_Data extract_:
::::::::

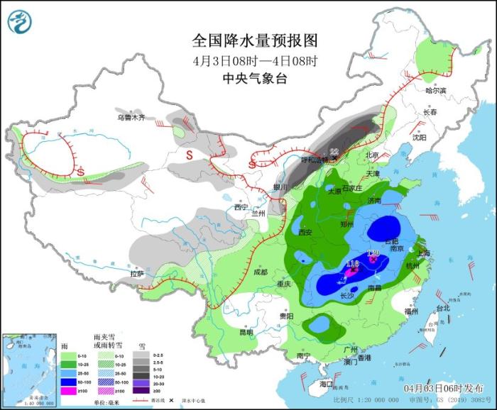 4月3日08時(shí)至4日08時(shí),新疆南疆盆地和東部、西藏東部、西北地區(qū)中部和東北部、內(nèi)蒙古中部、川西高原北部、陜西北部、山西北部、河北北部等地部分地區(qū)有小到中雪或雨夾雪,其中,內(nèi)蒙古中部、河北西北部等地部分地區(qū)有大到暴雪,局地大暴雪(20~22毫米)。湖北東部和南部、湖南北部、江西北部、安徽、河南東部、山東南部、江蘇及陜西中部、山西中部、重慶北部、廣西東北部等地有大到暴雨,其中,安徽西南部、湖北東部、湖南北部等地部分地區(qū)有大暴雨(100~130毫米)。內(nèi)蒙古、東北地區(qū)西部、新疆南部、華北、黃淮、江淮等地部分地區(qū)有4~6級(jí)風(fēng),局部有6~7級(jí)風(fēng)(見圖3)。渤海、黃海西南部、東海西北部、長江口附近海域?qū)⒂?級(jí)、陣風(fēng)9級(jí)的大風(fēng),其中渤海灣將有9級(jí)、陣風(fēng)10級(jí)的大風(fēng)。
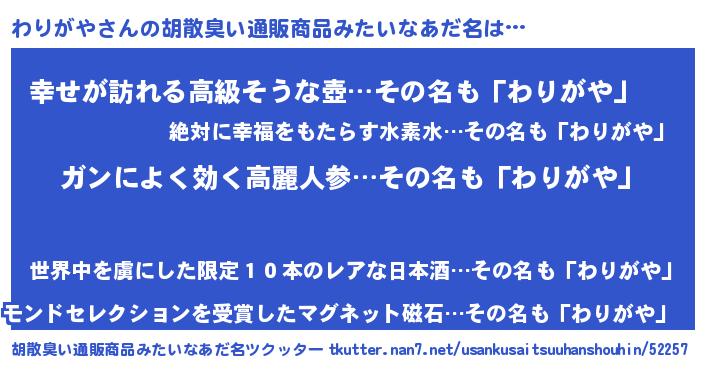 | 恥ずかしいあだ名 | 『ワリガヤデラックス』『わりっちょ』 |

::::::::

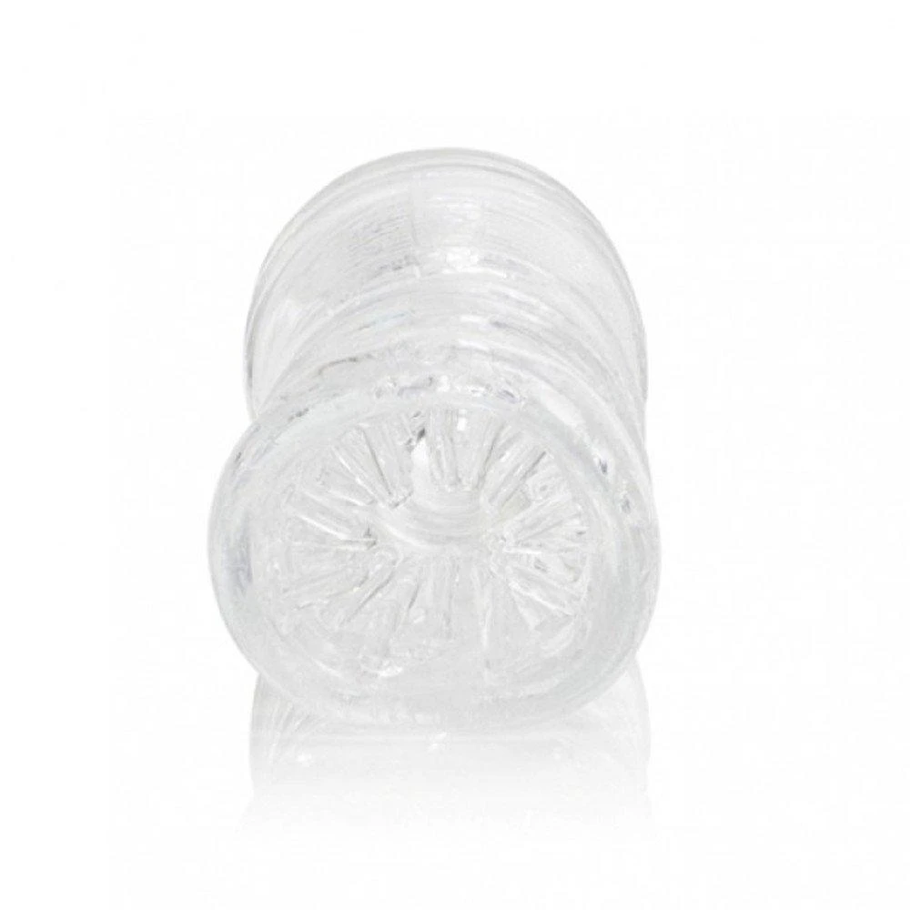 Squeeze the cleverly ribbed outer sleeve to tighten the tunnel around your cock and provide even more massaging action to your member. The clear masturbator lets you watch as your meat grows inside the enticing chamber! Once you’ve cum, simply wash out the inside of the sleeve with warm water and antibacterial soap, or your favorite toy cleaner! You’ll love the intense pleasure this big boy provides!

::::::::

_Task to carry out_: Where a picture appears in the records above, omit it, and transcribe exactly the stretch of lines from the one with "4月3日08時(shí)至4" through the one with "恥ずかしいあだ名 | 『ワリガヤデラックス』『わりっちょ』 |".

_Answer space_:
 4月3日08時(shí)至4日08時(shí),新疆南疆盆地和東部、西藏東部、西北地區(qū)中部和東北部、內(nèi)蒙古中部、川西高原北部、陜西北部、山西北部、河北北部等地部分地區(qū)有小到中雪或雨夾雪,其中,內(nèi)蒙古中部、河北西北部等地部分地區(qū)有大到暴雪,局地大暴雪(20~22毫米)。湖北東部和南部、湖南北部、江西北部、安徽、河南東部、山東南部、江蘇及陜西中部、山西中部、重慶北部、廣西東北部等地有大到暴雨,其中,安徽西南部、湖北東部、湖南北部等地部分地區(qū)有大暴雨(100~130毫米)。內(nèi)蒙古、東北地區(qū)西部、新疆南部、華北、黃淮、江淮等地部分地區(qū)有4~6級(jí)風(fēng),局部有6~7級(jí)風(fēng)(見圖3)。渤海、黃海西南部、東海西北部、長江口附近海域?qū)⒂?級(jí)、陣風(fēng)9級(jí)的大風(fēng),其中渤海灣將有9級(jí)、陣風(fēng)10級(jí)的大風(fēng)。
 | 恥ずかしいあだ名 | 『ワリガヤデラックス』『わりっちょ』 |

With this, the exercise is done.